Fenna’s PB&J crits, sending Voodoo straight to the moon.
One of the reanimated slashes my forearm with his saber, reminding me that mentally facepalming during combat is probably a bad plan. I blast him point-blank in the face, blowing his lower jaw mostly away so that his mouth hangs too far open like a dead fish. It looks impressive but only drops his health to half.
The enemy swings keep coming. I keep firing.

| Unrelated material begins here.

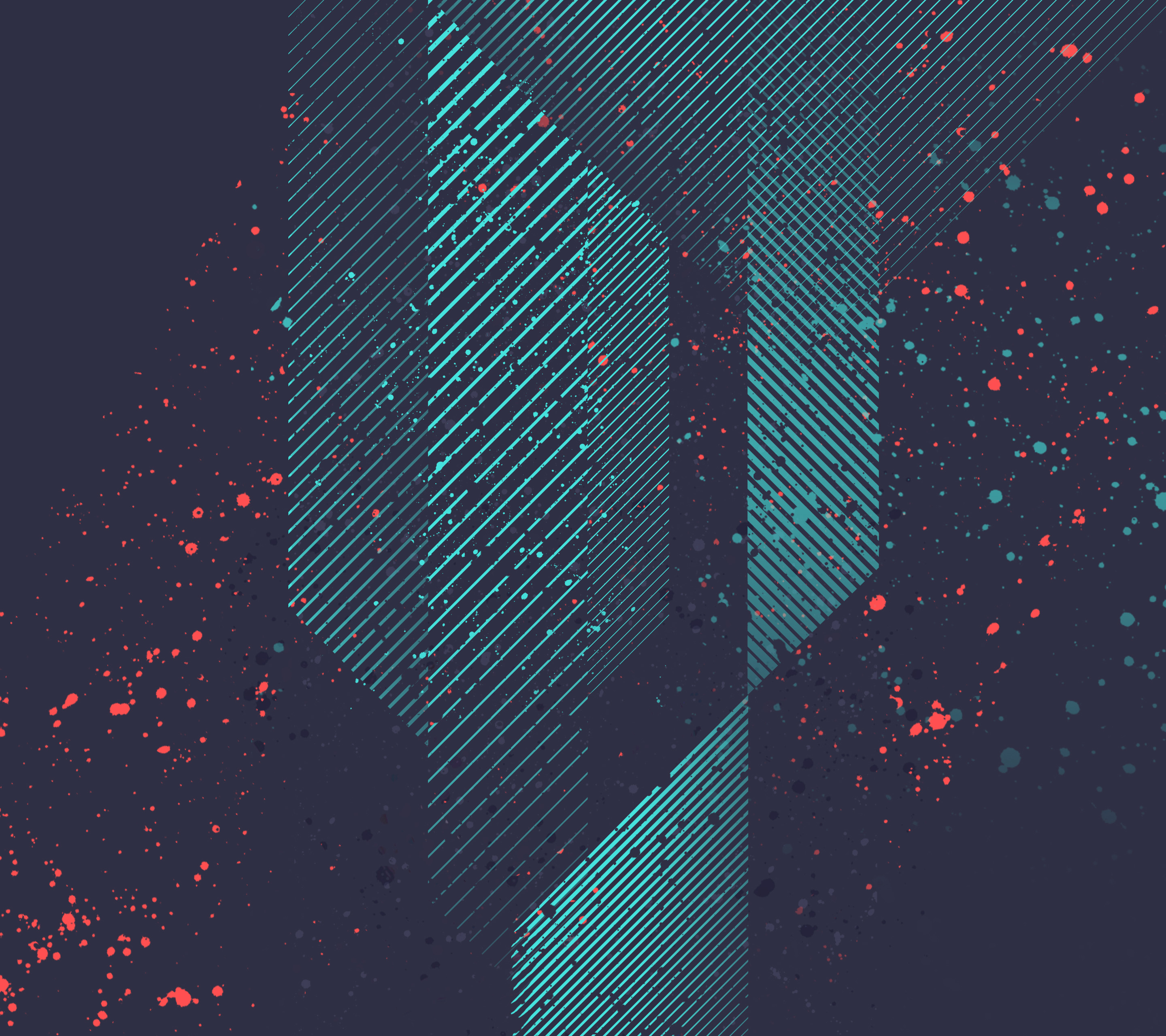 Description: A blue and red abstract background with a curved arrow in the center of the image and a red and blue dotted line in the middle.

Just as I finish off Mr. Jawless, his friend tackles me, grabs my pistol, and knocks it away to the side. He follows up with a hack from his saber, but I catch him by the wrist before the blade can connect with my neck as we tumble to the dirt.
For something that isn’t technically alive, the fucker is strong, and he’s got better leverage in the above position. The best I can do is keep the blade from cutting my head off, but pushing as hard as I can muster doesn’t dislodge him.
“Fenna,” I call, turning my head just in time to see a puff of green fog surround her nostrils and take her to the ground, unconscious.
“Uh…Rufus?” The monkey is nowhere to be seen, as expected.
Again I heave against the blade bearing down on me, but not enough to push it back more than an inch. The gesture leaves me even more tired, and the sharp edge gains more distance in return, beady bloodshot eyes behind staring maniacally at me.
“Rufus, I need you, bud. A little help here.”
Still nothing.
Fuck it. It’s about to be over anyhow. May as well try something.
I let go of the enemy hilt with my offhand for just a second, reach into my inventory, and pull out my head of lettuce, holding it in between my face and the sword that pushes ever closer.
Out from the bushes comes the shrill, ear-splitting scream of hungry monkey rage. Rufus comes running up, miniature sword in hand, and the next thing I know, he’s hacking at this zombie’s arm.
Three strikes. Five. Six. Rufus cuts the arm clean off at the wrist.
I pull myself out to safety and regain my footing as Mr. One-Arm here flails about, not smart enough to know what to do other than try to slap me. Rufus pulls the saber from the amputated hand and stuffs it into his now-stump wrist.
“Good one, squirt,” I say, trying to catch my breath.
The witch boils over with a scream of her own, and an arc of green blasts fires at Rufus from her blood-stained hand.
Ha, the little monkey pulled agro.
I finish off the last reanimated with my sword, taking glances at Fenna in between slashes. She doesn’t seem to have any significant injuries other than her leg. She’s just unconscious. As Mr. One-Arm goes down, Rufus successfully flees into the safety of the trees.
Tired and shaken, I reach to the ground and retrieve my pistol, feeling the hard iron and wood in my fingers. With such a simple device, a small gesture here makes big things happen over there. Is it a device at all, or is it magic?
“You wanna go?” I turn my attention to the witch. “Well, let’s go then,” I say, squaring off my sights at her chest and pulling the trigger.